Crítica publicada no Jornal O Globo
Por Rita Kauffman – Rio de Janeiro – 1984
Um Pinóquio malcriado afronta o falso “bom comportamento”
Pinóquio, com o Grupo Tapa, dirigido por Eduardo Tolentino e em cartaz no Teatro dos Quatro (Shopping da Gávea) é, sem dúvida, o melhor espetáculo que estreou em 1984. A começar pela interessante exposição internacional de desenhos infantis sobre “Pinóquio hoje”, que o grupo apresenta tanto no teatro como nos corredores do shopping, estão presentes em tudo o apuro e a seriedade, interligados com muito talento, marca registrada do Tapa. A adaptação de obra de Collodi, feita por Eduardo Tolentino e Renato Icarahy, é muito interessante e mostra um Pinóquio fiel ao seu original diametralmente oposto ao de Disney e muito mais próximo das crianças: ele é um boneco interesseiro, malcriado e egoísta, afrontando o “bom comportamento” que se baseia nas aparências e fazendo, em geral, o que lhe dita a vontade. Suas atitudes o levam a uma série de aventuras e a uma melhor compreensão do comportamento humano: ressaltam-se na sociedade os seus aspectos de instituição falsa, mesquinha, preconceituosa e castradora.
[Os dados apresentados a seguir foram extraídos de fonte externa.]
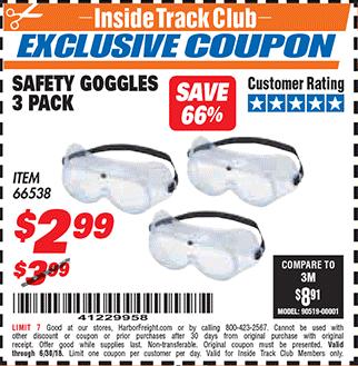 ITC SAFETY GOGGLES PACK OF 3 Lot No. 94027 Expired: 4/29/21 - $2.49 Coupon Code: '17570886'

A direção de Eduardo Tolentino é segura e eficiente, os atores têm um desempenho muito bom, mas seria injusto não destacar a atuação de Clarice Derzié/Pinóquio, que dá uma bela lição de interpretação e de fôlego, imprimindo ritmo ao espetáculo: os figurinos de Lola Tolentino são eficientes e sutilmente críticos: o gato/padre e a raposa/bispo são verdadeiros achados. As músicas de Francis Hime, com letras de Renato Icahary, funcionam bem. E é pena que tenha faltado ao elenco melhor preparação vocal, na época da estreia. O cenário de Ricardo Ferreira é eficiente; merecem destaque o fantástico Teatro de Bonecos, as máscaras e adereços do cenário, concebidos por Olinto Mendes de Sá, a cena do enforcamento, a bela aparição da baleia e o desmascaramento final do elenco, evidenciando com muita emoção o eterno jogo do ator/personagem.
A parte negativa do espetáculo fica por conta do comportamento inadequado da plateia, formada até por crianças de colo. Mas um espetáculo consistente sobrevive muito bem, até em situações constrangedoras. É o caso de Pinóquio que merece ser visto e devidamente apreciado.